Accelerated learning requires high expectations for all students. It’s not meant to cram in fact after fact or research every nuance of a subject. Instead, learners are encouraged to concentrate only on essential skills and content for each unit. It aligns classroom support with grade-level classroom instruction by employing a variety of techniques.

Each of the following are great ways to implement accelerated learning.

Create a positive learning environment.

Accelerated learning requires first and foremost, a positive learning environment. From day one, teachers should help students to feel welcome, safe, and important. Any disruptive behavior or criticism (of others or oneself) should not be tolerated.

Students should also regularly be encouraged to participate in small and large group discussions and activities to nurture community and positivity.

Break down content into manageable “chunks.”

Learning just a few skills or new ideas is easier than being presented with many new skills and ideas. By breaking content into more manageable chunks of information, students can more quickly grasp the concepts and move on.

It’s easier to set goals in this way and keep track of student progress with more frequent checkpoints. Furthermore, teachers can provide scaffolding supports before students get too lost or confused.

Create opportunities for active learner involvement.

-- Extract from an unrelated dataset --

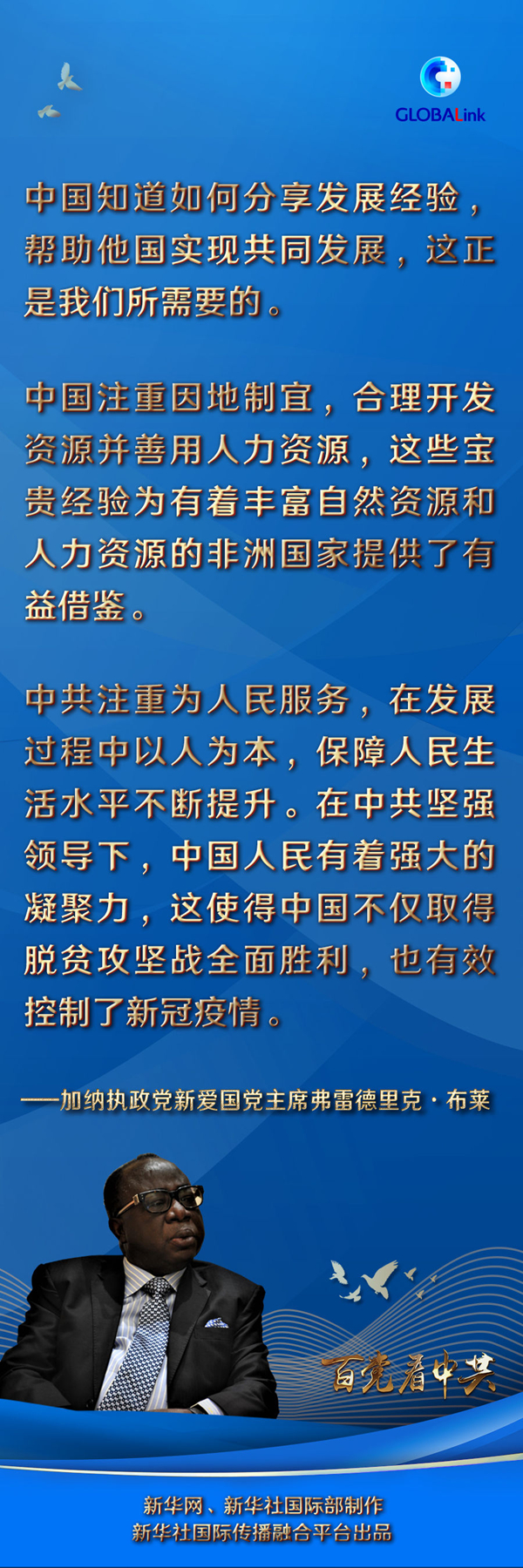 布萊對中國共產(chǎn)黨成立100周年表示祝賀。他祝愿中國在中共領導下取得更多成功,促進世界和平繁榮穩(wěn)定,同時希望加納新愛國黨和中共在未來能有更多交流合作。

To foster a more engaging and active learning environment, teachers can use a number of multi-sensory techniques including:

  • Debating
  • Role-Playing
  • Field Trips
  • Mind Mapping
  • Group Discussions
  • Games
  • Problem Solving Activities

Give students something to do beyond just sitting, listening, or reading.

Create opportunities for real world application of skills and content.

Applying the skills and content students have learned is one of the most powerful ways to measure their mastery over such information. According to 321Insight, “research tells us that in order to generalize new skills from a teaching situation to real life, students have to have meaningful and real life opportunities to use those skills.” This is an important aspect of ensuring the success of accelerated learning.

Conclusions about Accelerated Learning

Accelerated learning is a promising approach for responding to the losses many students experienced as a result of the Covid pandemic. It can help minimize inequities between school districts, as well as among students in a classroom. Unlike remedial work, this approach to learning is intended to help all students equally and hold them each to high, grade-level standards.

Accelerating learning can help improve student outcomes more quickly and more efficiently than traditional approaches to learning and should be considered by any school district interested in being a force of change.